Coordinating the impact of structural genomics on the human α-helical transmembrane proteome

Abstract

With the recent successes in determining membrane protein structures, we explore the tractability of determining representatives for the entire human membrane proteome. This proteome contains 2,925 unique integral α-helical transmembrane domain sequences that cluster into 1,201 families sharing more than 25% sequence identity. Structures of 100 optimally selected targets would increase the fraction of modelable human α-helical transmembrane domains from 26% to 58%, thus providing structure/function information not otherwise available.

Figure 1. Flowchart of the analysis (Supplementary Notes 1 and 2)

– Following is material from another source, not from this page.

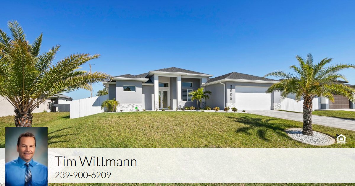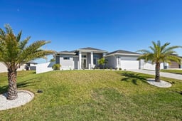 Beautiful 3 Bedroom 2.5 bath, Custom Built in 2023 Luxury Home, NOT IN a FLOOD ZONE, located in the highly desired Cape Coral Florida. Upon arriving you will be amazed by the contemporary look, professionally landscaping with the majestic palm trees, covered porch and paver driveway. After entering through the double glass doors of the home it is even more impressive, featuring a bright and Open Floor Plan with tall tray ceilings and high end finishings, Impact Windows and Doors, remote blinds and many other upgrades. The kitchen offers a waterfall Island, walk-in pantry, stainless steel appliances, granite counter tops and backsplash. This home has a huge Primary Bedroom with 2 walk-in closets, and an en-suite with dual sinks, soaking tub, and a custom tiled shower with glass doors. The guest bedrooms are located on the other side of the home for your privacy and convenience and the guest having access to the kitchen and pool area. The outdoor space is great for entertainment with the in-ground pool, outdoor kitchen also having granite counter tops, Outdoor TV, Upgraded Clear View Screened in Pool Cage, and the fenced yard will be great for kids, pets or just the privacy. More added features included UV light & platinum aerator water purifier, generator hook up, Whole house surge protector and lawn irrigation system. Conveniently located near shopping, restaurants, hospitals and entertainment areas, with a short drive to Sanibel and Fort Myers Beach. This will make a great Primary home, Vacation home or Rental. (This home was recently built and purchased for a much higher price, but the seller is being relocated for his job, since the purchase the seller added the pool cage and other upgrades. THIS HOME WILL NOT LAST LONG

In stage 1,α-helical transmembrane regions of all human sequences from the RefSeq-37 database34 were predicted by TMHMM2.0 and clustered with USEARCH at 98% sequence identity, resulting in 2,925 unique α-helical transmembrane domains with at least two predicted transmembrane helices. In stage 2, the current modeling coverage of these domains was assessed by automated comparative modeling using ModPipe. In stage 3, the 2,925 unique α-helical transmembrane domains were clustered at 25% sequence identity and 70% coverage thresholds using BLASTCLUST, resulting in 1,201 domain clusters. In stage 4, several target lists, including existing target lists of the nine PSI:Biology centers, were assessed by mapping the number and quality of models as a function of the number of targets; for example, if representative structures for the 100 largest clusters were determined, 1,400 additional α-helical transmembrane domains could be modeled based on at least 25% sequence identity to the closest known structure. In stage 5, the target sequence set was expanded by adding homologous sequences from other organisms extracted from UniProtKB.